A Radiative Transfer Model for Heterogeneous Agro-Forestry Scenarios

• Published in: IEEE transactions on geoscience and remote sensing Vol. 54; no. 8; pp. 4613 - 4628
• Main Authors: Yelu Zeng, Jing Li, Qinhuo Liu, Huete, Alfredo R., Gaofei Yin, Baodong Xu, Weiliang Fan, Jing Zhao, Kai Yan, Xihan Mu
• Format: Journal Article
• Language: English
• Published: New York IEEE 01.08.2016; The Institute of Electrical and Electronics Engineers, Inc. (IEEE)

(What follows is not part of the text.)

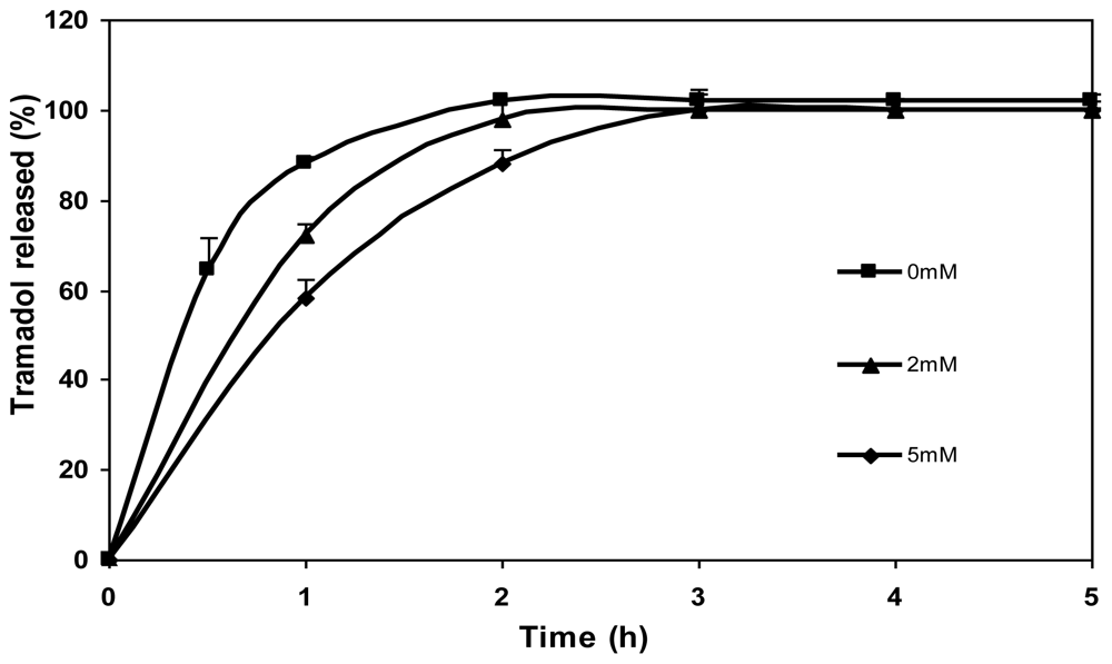 The effect of genipin concentration (0 mM, 2 mM and 5 mM) on the release of tramadol hydrochloride from chitosan microspheres is shown in Figure 8. As can be seen, drug release was slower in the case of microspheres crosslinked with genipin in comparison with the non crosslinked ones (0 mM). What is more, the tramadol release rate slowed down with increasing genipin concentration (5 mM genipin microspheres released the drug slower than 2 mM genipin microspheres). In the case of non crosslinked microspheres, a burst effect was observed during the initial hour (>80% of drug) and the total amount of drug encapsulated was released after 2 h. In contrast, the release of drug during the first hour from crosslinked microspheres was significantly lower. The amount of drug released after 2 h from microspheres crosslinked with genipin of different concentrations, 2 and 5 mM, was 97 and 88%, respectively, and it was completely released after 3 h. Therefore, as shown in preliminary studies, crosslinking with genipin controls the release of tramadol hydrochloride [].

• Subjects: Agro-forestry scenario; Atmospheric modeling; Band spectra; Biological system modeling; Boundaries; canopy structure; Computational modeling; Computer simulation; Discrete cosine transforms; Freshwater; hemispherical–directional reflectance factor (HDRF); heterogeneity; Mathematical models; Radiative transfer; radiative transfer (RT); Reflectance; Reflectivity; Remote sensing; Scattering; Solid modeling; China, People's Rep., Heihe R. basin; China, People's Rep; hemispherical–directional reflectance factor (HDRF); radiative transfer (RT); heterogeneity; Agro-forestry scenario; canopy structure
• ISSN: 0196-2892; 1558-0644
• DOI: 10.1109/TGRS.2016.2547326

Landscape heterogeneity is a common natural phenomenon but is seldom considered in current radiative transfer (RT) models for predicting the surface reflectance. This paper developed an analytical RT model for heterogeneous Agro-Forestry scenarios (RTAF) by dividing the scenario into nonboundary regions (NRs) and boundary regions (BRs). The scattering contribution of the NRs can be estimated from the scattering-by-arbitrarily-inclined-leaves-with-the-hot-spot-effect model as homogeneous canopies, whereas that of the BRs is calculated based on the bidirectional gap probability by considering the interactions and mutual shadowing effects among different patches. The multiangular airborne observations and discrete-anisotropic-RT model simulations were used to validate and evaluate the RTAF model over an agro-forestry scenario in the Heihe River Basin, China. The results suggest that the RTAF model can accurately simulate the hemispherical-directional reflectance factors (HDRFs) of the heterogeneous scenarios in the red and near-infrared (NIR) bands. The boundary effect can significantly influence the angular distribution of the HDRFs and consequently enlarge the HDRF variations between the backward and forward directions. Compared with the widely used dominant cover type (DCT) and spectral linear mixture (SLM) models, the RTAF model reduced the maximum relative error from 25.7% (SLM) and 23.0% (DCT) to 9.8% in the red band and from 19.6% (DCT) and 13.7% (SLM) to 8.7% in the NIR band. The RTAF model provides a promising way to improve the retrieval of biophysical parameters (e.g., leaf area index) from remote sensing data over heterogeneous agro-forestry scenarios.